The study’s primary endpoint was time to next treatment, defined as how long patients remained on their initial therapy before needing to switch. Researchers also measured event-free survival, which reflects how long patients avoided disease progression or a new treatment.

“For patients, longer time to next treatment often translates directly into longer periods of disease control, improved quality of life, fewer treatment-related toxicities and less disruption to daily life,” Landgren said.

The analysis revealed that patients with low AI-predicted CD16 levels who received VRd without transplant experienced a significantly shorter time to next treatment. In contrast, patients in the low-CD16 group had markedly better outcomes when treated with D-VRd.

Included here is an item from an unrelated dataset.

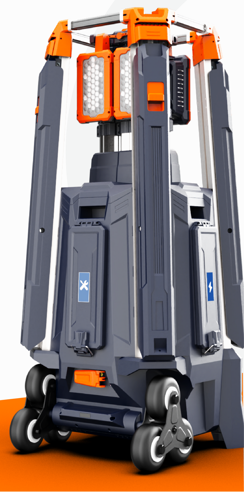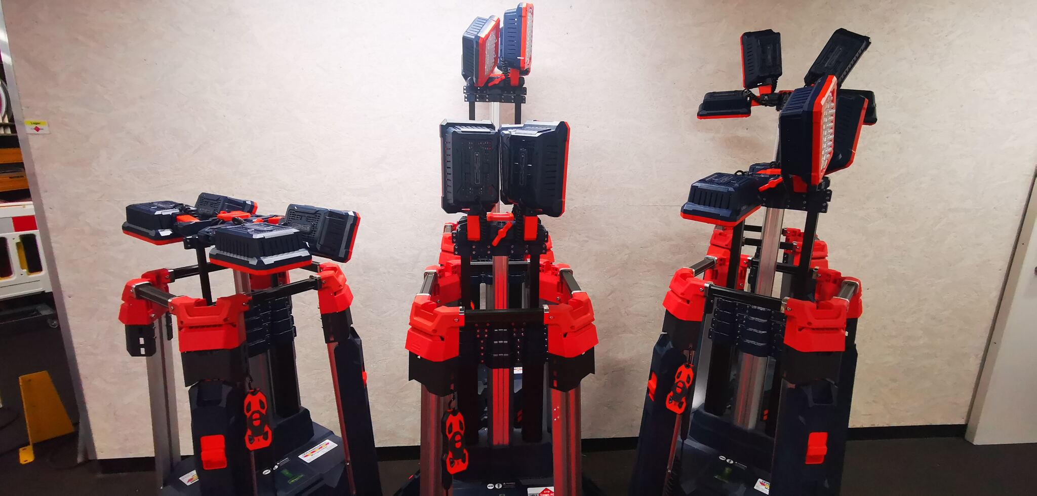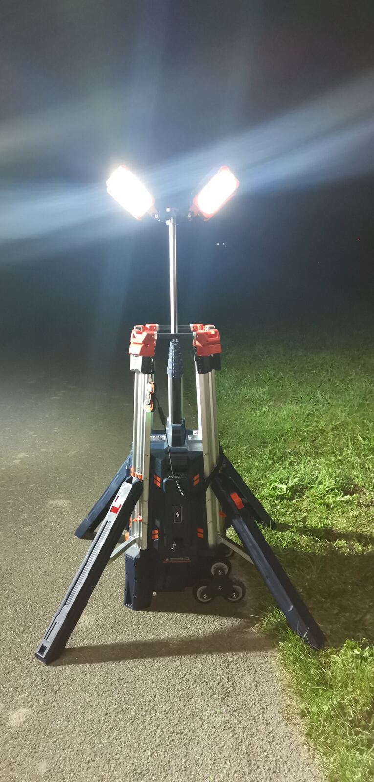 Diese mobile Beleuchtung mit Akkubetrieb leuchtet alle Situationen professionell aus. Ob Baustellen, Einsatzstellen, Parkplätze oder Notausgänge.

At 18 months, 86.8% of those patients remained event-free, compared with just 28.6% of patients treated with VRd alone.

The researchers also found that among patients with high AI-predicted CD16 levels, outcomes at 18 months were comparable whether they received D-VRd with or without a stem cell transplant.

“This study does not suggest that transplant is no longer important in multiple myeloma,” Landgren said. “Rather, the findings support the emerging concept that transplant decisions may become increasingly personalized and biology-driven.

The findings represent an important early step toward AI-guided precision medicine in multiple myeloma.

“Sylvester has been incredibly supportive of bringing AI into cancer research to directly help patients and clinicians make difficult treatment decisions,” Rajanna said.

While promising, the approach is still in the research phase.

“This is still a research tool at this point, but the signals are strong,” he said. “We still need to further validate these findings prospectively before the AI model can fully move into the clinic.”

Next, the team plans to compare AI-predicted CD16 levels with directly measured immune biomarkers. They are also expanding the model to include larger and more diverse patient datasets, as well as additional immune markers.

“I hope this study highlights that AI can move beyond simply automating workflows and instead become a powerful tool for biologic discovery and clinical decision support,” Landgren said. “This may represent the beginning of a new era of AI-enabled digital pathology in myeloma.”